It’s a few decades down the line. “Nobody know what happened on the night the heroes fell. All we know is that they disappeared. Evil triumphed and the bad guys have been calling the shots ever since.” How’s that for a combination of introduction, teaser, and compacted precis?

We see an unfamiliar Logan in the opening sequence, a family man, just keeping his head down, taking crap, barely scratching a living, and three months behind on his rent. His savage superhero days are consigned to the past, and this Wolverine doesn’t fight back. We’ve all seen enough Clint Eastwood movies to know where this is going, right? Well, yes, but not for some considerable while. Mark Millar first takes us on a prolonged detour through Mad Max instead, as Logan and a now old and blind Hawkeye have a package to deliver.

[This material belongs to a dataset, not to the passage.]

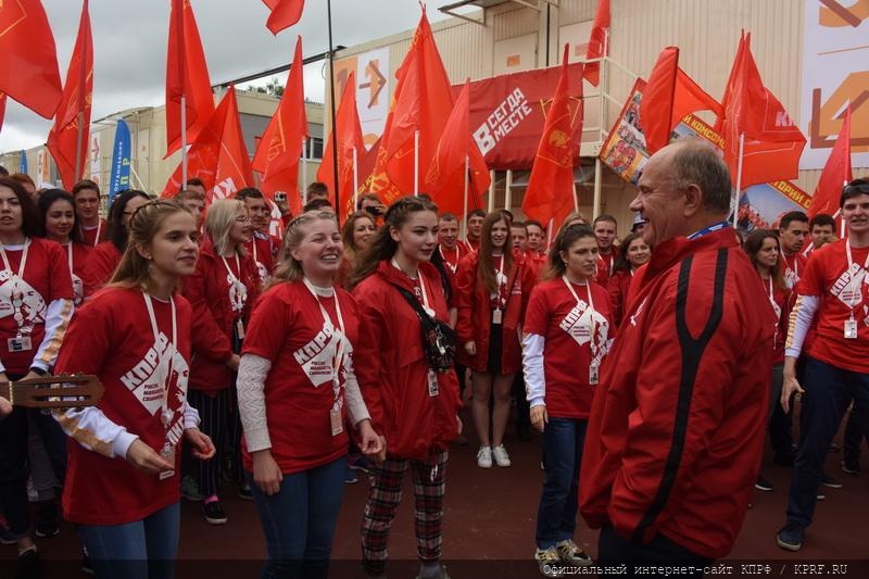 1 августа Председатель ЦК КПРФ Г.А. Зюганов посетил молодежный форум «Территория смыслов – 2019». На этот раз традиционный молодежный форум проходил в подмосковном Солнечногорске. В очередной тематической смене приняли участие молодые политики, как представители парламентских партий, так и беспартийные. Одной из самых представительных и активных на форуме стала делегация Ленинского Комсомола.
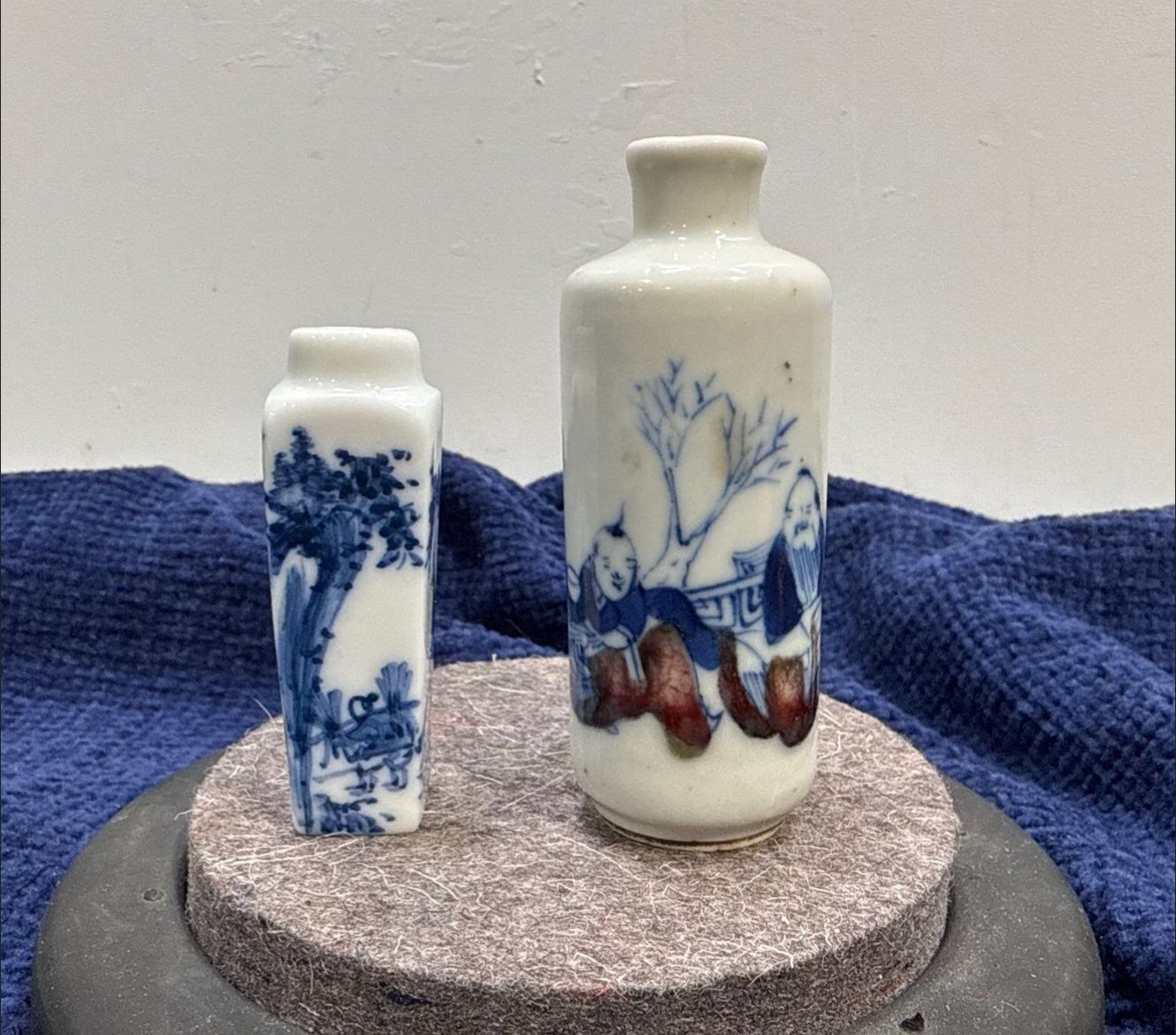 Blue and White Handpainted Snuff Bottles 2.5H, 3H (lids missing)

This involves crossing from what was once California, now Hulkland, to the President’s Quarter on the East coast.

Along the way Millar fleshes out the status quo via dialogue and stop-offs, toying with Marvel familiarity as he spins out the destinies of well kent faces. Halfway through he presents the big reveal, the reason Logan’s personality has changed and why he’ll no longer use his claws. The more astute reader will already have an inkling, but Millar plays it out in such bravura fashion that any prior guesses are trumped. Don’t stop too long to think about it, though, as some nagging suspicions about the likelihood will emerge.

Steve McNiven’s ultra neat and tidy pencilling style is endowed with some grit by the inks of Dexter Vines, and he also takes his cue from the toying with familiarity to produce some memorable images. Early on we have the Hulk’s grandchildren, there’s the skeleton of a giant Loki with a building collapsed on him (an image later reprised to even better effect), and the Red Skull etched onto Mount Rushmore.

This is an episodic, buddy road trip story, not too far removed from Judge Dredd’s Cursed Earth saga, surely read by the young Millar, and he sustains the tension primarily via postponing the inevitability of Wolverine popping those claws. Rest assured, when they pop there’s some righteous slicing and dicing.

Old Man Logan isn’t the full-on sustained headrush of Millar’s other Wolverine magnum opus Enemy of the State (with which it’s collected in Wolverine by Mark Millar Omnibus), at least not until the final chapter. The opportunity to pause for thoughts reveals some rather unlikely plot developments, and others that have too great a narrative convenience, twists for their own sake rather than any greater purpose. The signposts are sometime obviously planted as well, and funny it may be, but the conclusion also defies logical scrutiny. On the other hand, the good far outweighs this carping and Old Man Logan is a thoroughly entertaining Wolverine story.

In the UK this is also available in hardback as part of Hachette’s Ultimate Graphic Novels Collection.